There are several problems for CCS: the first is that the chemical processes that we can use to scrub relatively low concentrations from exhaust gases – most of the content remains nitrogen – require the expenditure of fairly large amounts of energy to then release to CO2. It’s not just the cost of installation but the considerable added cost of generation and, hence, the cost to the consumer.
The next problem is that CCS can be used to excuse more coal burning generation on the ‘promise’ of later CCS installation; a promise that could amount to inaction and yet more CO2 emissions.
The third is that CCS can be used as a disincentive for investment in renewable energy and, certainly, a disincentive for sound, long term governmental renewable policy. £1 – 2 billion spent on an, as yet, unproven technology is money that will not be invested in renewables.
The fourth is that we still have limited understanding of plate tectonics: geologically safe formations just don’t exist. We still are unable to forecast earthquakes. In the short term we may be able to use past oil and gas bearing formations and regard them as safe but what would we be leaving for future generations?

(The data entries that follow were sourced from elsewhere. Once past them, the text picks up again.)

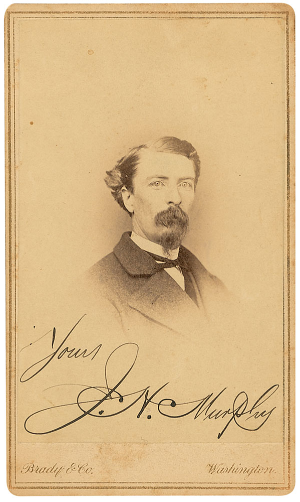 Iowa congressman (1835–1893) who served for two terms. Original 2.25 x 4 carte-de-visite photo by Brady of Washington, D. C., signed below the image in black ink, “Yours, J. H. Murphy.” A bit of scattered light toning and soiling to image and borders, otherwise fine condition. RR Auction COA.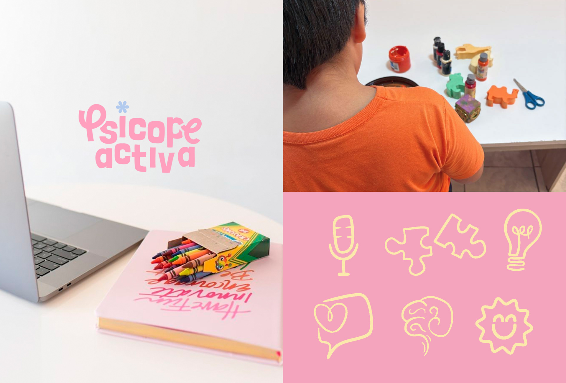El sistema visual incorpora íconos y patrones lúdicos que simbolizan ideas, comunicación, creatividad y desarrollo cognitivo, conectando con el trabajo cotidiano de la psicopedagogía. De esta manera, la marca logra equilibrar profesionalismo y calidez, construyendo una identidad accesible para docentes y psicopedagogas que buscan herramientas prácticas para potenciar su práctica profesional.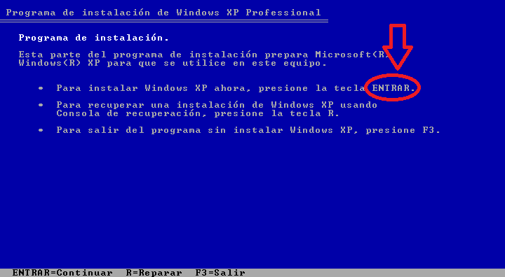 1-Bootear desde el Cd de instalación o desde el pendrive donde tengan el Windowx Xp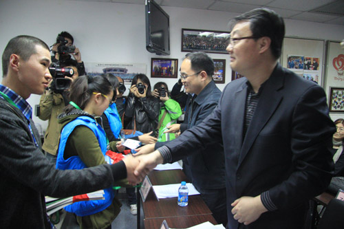 4月21日,“青春梦想同龄同行”志愿服务项目培训班开学典礼在北京正式举行。共青团北京市委副书记熊卓、人民教育出版社党委书记郭戈、北京市志愿服务指导中心主任郭新保,十八大代表、北京致诚律师事务所主任、北京青春梦想同龄同行志愿者协会会长佟丽华、人民教育出版社英语编辑室主任吴欣等出席活动。青春梦想同龄同行项目学员代表、志愿者代表、媒体记者60余人参加了活动。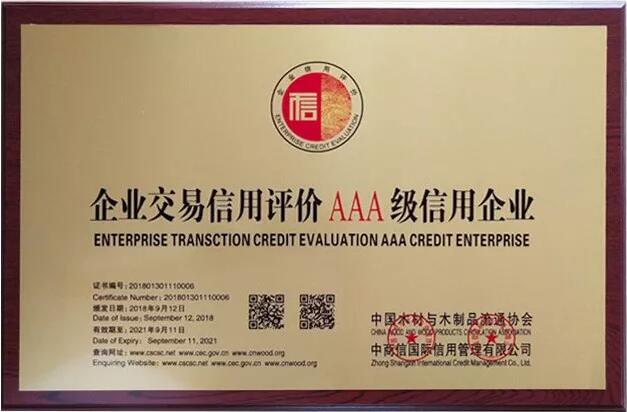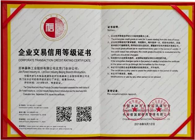 2018年9月12日,經(jīng)過中國木材與木制品流通協(xié)會與第三方信用管理服務(wù)機構(gòu)的嚴(yán)格審核,吉林森林工業(yè)股份有限公司北京門業(yè)分公司(即北京霍爾茨門業(yè))榮獲“AAA級企業(yè)信用等級”證書。此次企業(yè)信用交易等級評估是對霍爾茨門業(yè)開展企業(yè)交易信用能力和企業(yè)經(jīng)營綜合健康狀況等方面的綜合評價,憑借其良好的信用記錄、先進的管理模式、以及“質(zhì)量強企”的發(fā)展戰(zhàn)略,北京霍爾茨門業(yè)順利通過各項評估,榮膺“企業(yè)交易信用評價AAA級信用企業(yè)”。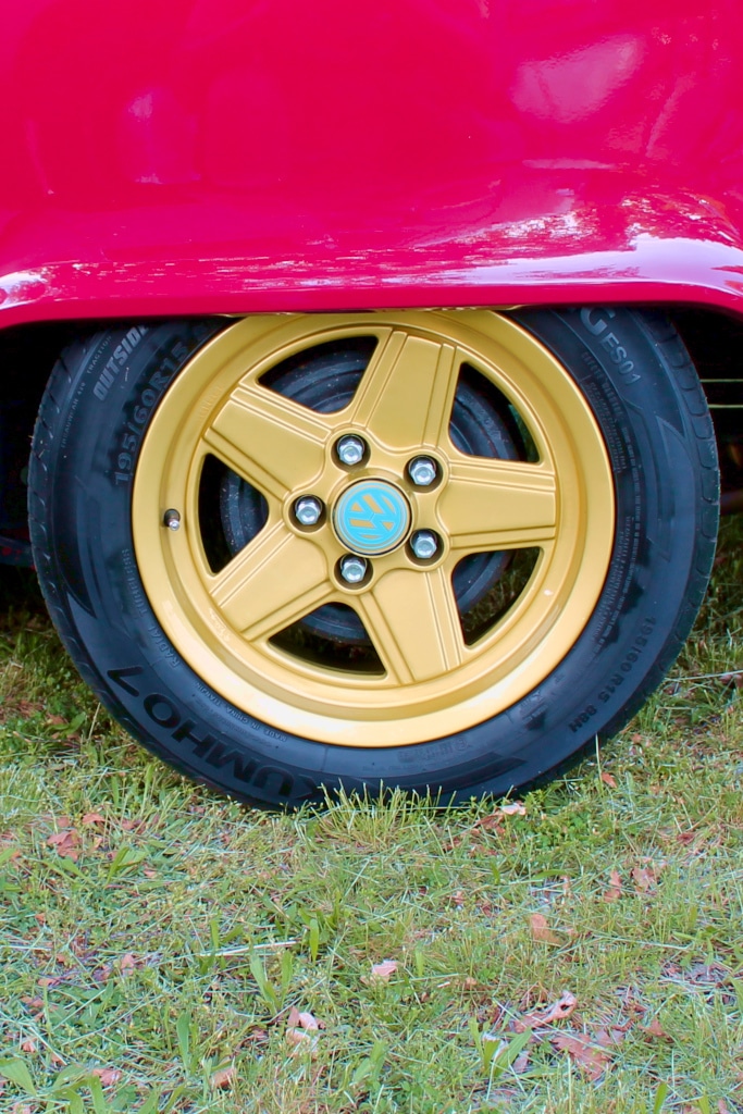 Was haben Rennautos und Bullis gemein? Beiden stehen feine Kreuzspeichen von BBS ganz hervorragend, zumal in Gold/poliert.

Finally, coal, like oil and uranium, are finite resources. Solar and gravitational energy are finite, too, but over periods that are all but unimaginable to us. Investing in coal burning is not sustainable, it is a short term solution that simply defers the long term solution to another generation.
I agree with all Roy says, but I also understood that another inhibition on investing in CCS is that it is only likely to be useful for one ‘generation’, because the industry itself recognises that the rapidly falling price of renewable energy will make coal unprofitable/redundant. It seems to me that industry ‘committment’ to CCS has been largely a fudge, allowing them to carry on ‘business as usual’ ..
http://think-left.org/2011/10/03/‘clean-coal’-another-financial-device-for-the-city-2/
In addition, the process of coal extraction has so many negative environmental and social implications. However, that is not to say that the development of CCS would be desirable/necessary for industries other than so-called ‘clean coal’. All of the policy decisions in this area are predicated on the power of the big 6 and political will, and not the very real demands of tackling climate warming gas emissions.